- **HOW TO COMPLETE THIS TASK**
Write the listing out again word for word, skipping each picture.

- **STORED DATA**
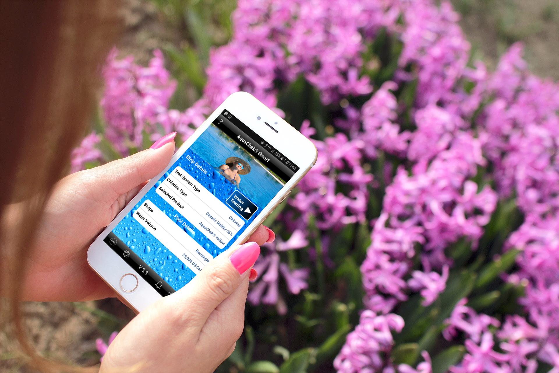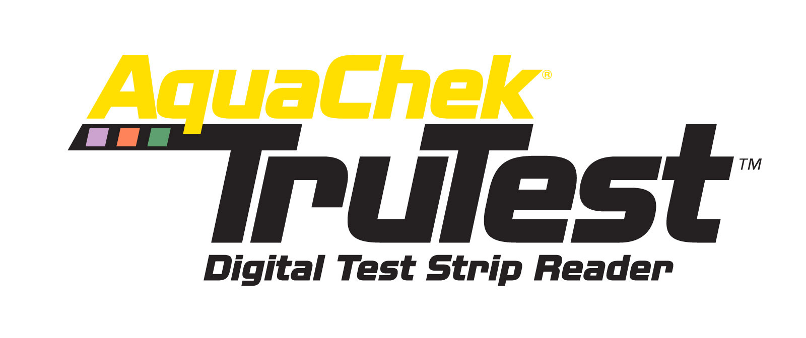 - - Product name 'AquaChek Smart' in NissanOpti-italic font in a yellow that matches the logo
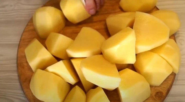 - Картоплю очистимо, кожну бульбу ріжемо на 4 частини, невеликі бульби можна не розрізати.
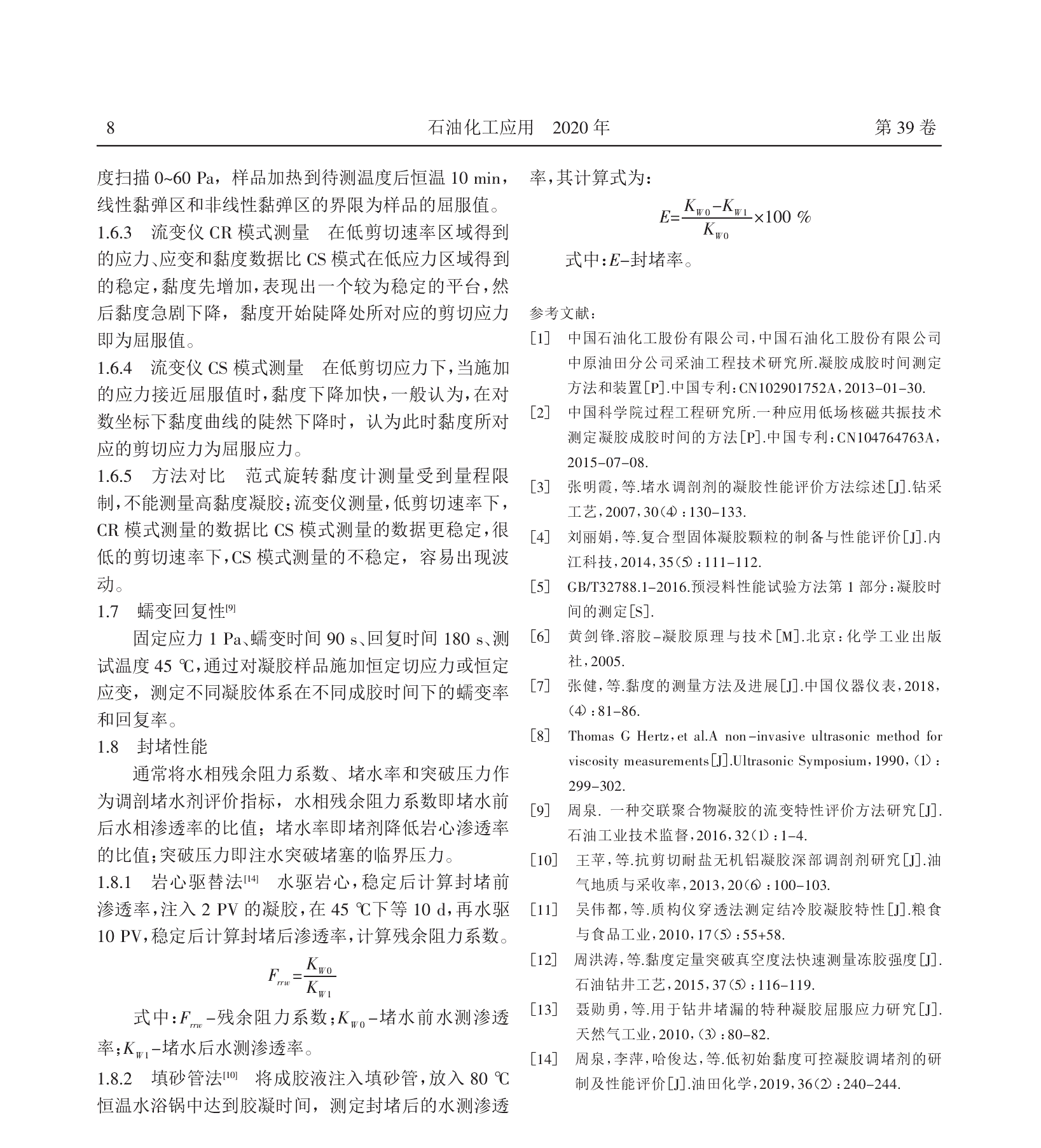 凝胶作为常用的封堵材料,在老油田控水稳油中有重要的地位,研究其性能显得至关重要。本文通过实验和查找文献,介绍了凝胶性能测定及评价,包括凝胶的成胶时间、黏度、黏弹性、抗剪切性能、强度、屈服应力、蠕变回复性和封堵性能。通过对凝胶性能测定及评价综述,为实验研究、现场工作中凝胶性能及评价提供全新的参考。
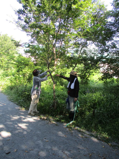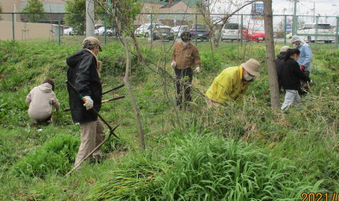 令和2年(2020年)7月12日(日)、有志5人が自主的に集まり、歩道にはみ出ていたイタドリを刈り取りました。また、2人が刈払機で3回目となる除草をし、歩道沿いの内側にはアサガオを植えました。

- **ANSWER TO THIS EXERCISE**
 - - Product name 'AquaChek Smart' in NissanOpti-italic font in a yellow that matches the logo
 - Картоплю очистимо, кожну бульбу ріжемо на 4 частини, невеликі бульби можна не розрізати.
 凝胶作为常用的封堵材料,在老油田控水稳油中有重要的地位,研究其性能显得至关重要。本文通过实验和查找文献,介绍了凝胶性能测定及评价,包括凝胶的成胶时间、黏度、黏弹性、抗剪切性能、强度、屈服应力、蠕变回复性和封堵性能。通过对凝胶性能测定及评价综述,为实验研究、现场工作中凝胶性能及评价提供全新的参考。
 令和2年(2020年)7月12日(日)、有志5人が自主的に集まり、歩道にはみ出ていたイタドリを刈り取りました。また、2人が刈払機で3回目となる除草をし、歩道沿いの内側にはアサガオを植えました。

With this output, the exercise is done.